Traditionally, corporate training focused on measurable, hard skills and efficiency-driven productivity. However, the landscape significantly shifted, with organizations now prioritizing "soft skills" such as resilience, communication, innovation, and collaboration. These are fundamentally EQ-driven attributes, making them much harder to measure and teach than the more mechanical skills of the past. This shift directly responds to technological advancements, including AI, which increasingly automates routine tasks, elevating the importance of uniquely human capabilities in the workforce. Learning providers find it increasingly difficult to attach specific training to these nuanced skills because each organization's needs and desired outcomes differ.
This change in focus also impacts how learning providers interact with their clients. In the past, HR typically bought training, and while HR departments remain central, the decision-making process has become more sophisticated, often involving "people officers." Selling to organizations now requires a deep dive into uncovering their specific needs, understanding the desired outcomes, and, most importantly, identifying the key metrics they aim to move. This consultative approach is essential because, despite clear recognition that these human skills are game-changers for organizations, measuring their direct return on investment is complex and challenging. The industry evolves to partner with organizations, co-creating solutions tailored to unique pain points or business opportunities.
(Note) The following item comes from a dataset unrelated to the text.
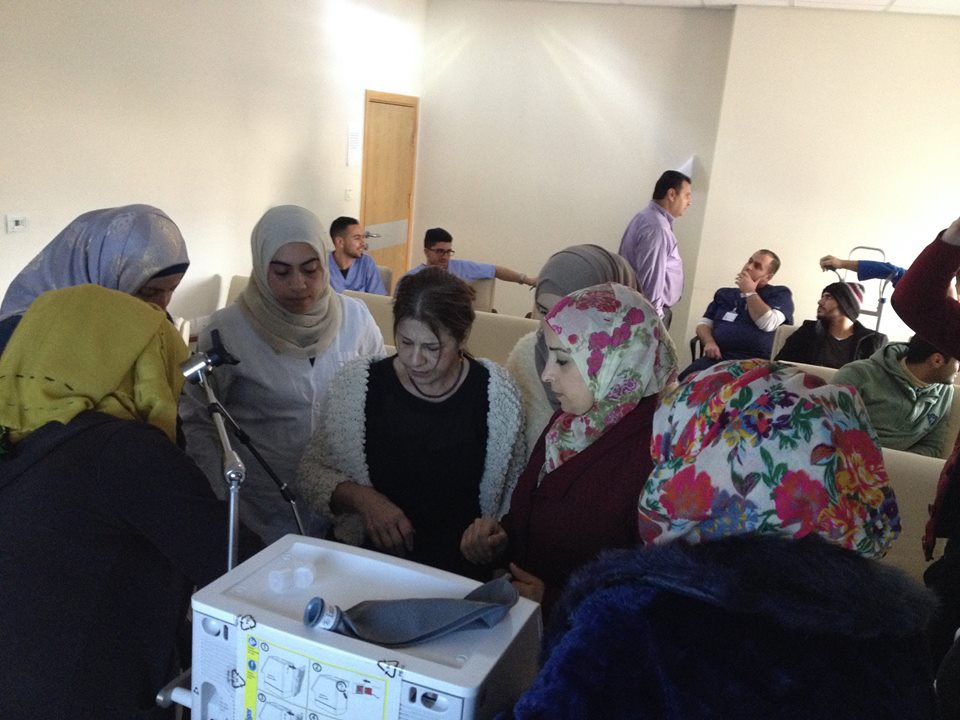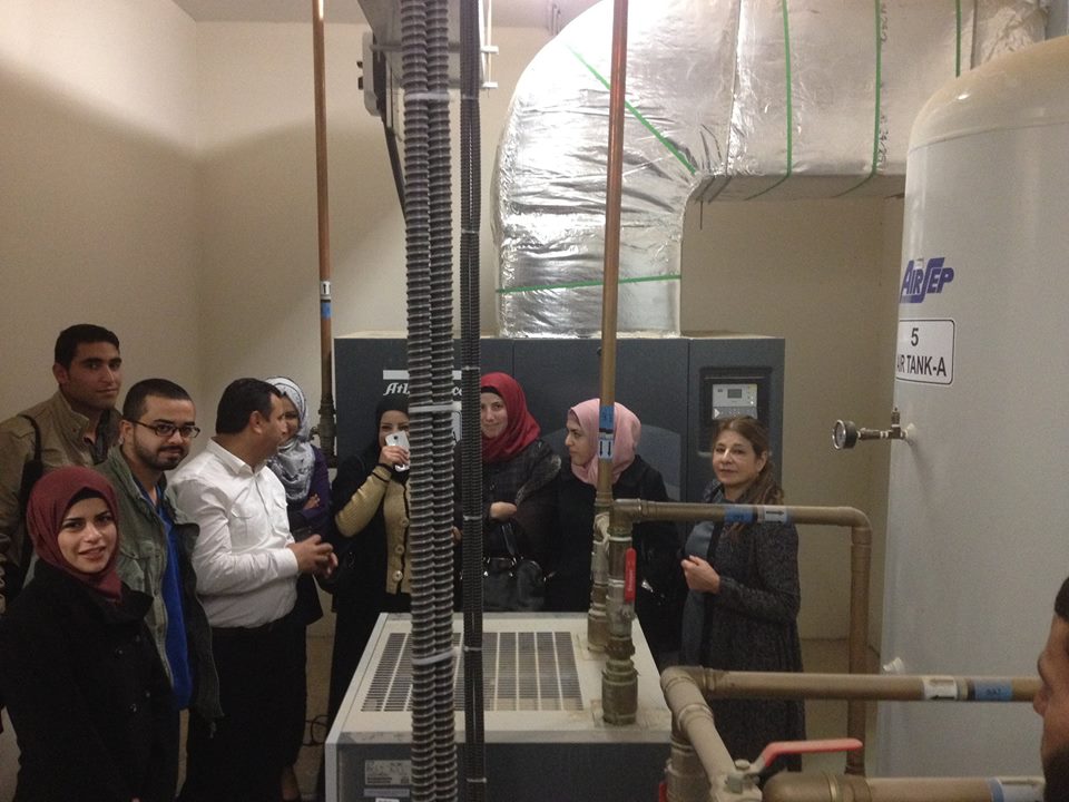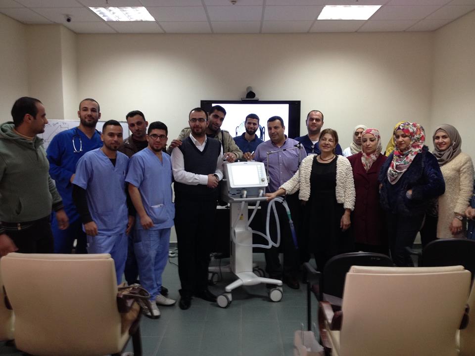 وقد قام الأستاذ محمود صندوقه ممثل شركة أركوميد بالتدريب على بعض الأجهزه وخاصه جهاز التنفس الصناعي وقد تم تديب الطلبة من قبل أ.فيصل اشتيوي ود.عائدة القيسي على بعض الاجهزة مثل أجهزة التنفس واجهزه التخدير وجهاز فحص الغازات في الدم وأجهزة السوائل الوريدية والتغذية واستخدامات الاكسجين والغازات وجهاز رجفات القلب وأجهزة فحص القلب.

This profound shift from IQ-driven, mechanical productivity to EQ-driven human behavior marks a new era for corporate education. While traditional education models, often characterized by rote memorization and standardized testing, still prevail, the demands of the modern workforce necessitate continuous upskilling in areas like resilience and complex communication. The challenge lies in retraining a workforce educated in the "old way" for the new frontier of sales enablement and organizational productivity. This requires innovative approaches to learning and development that move beyond one-and-done workshops to continuous, just-in-time, and job-embedded learning experiences that foster new behaviors and muscle memory.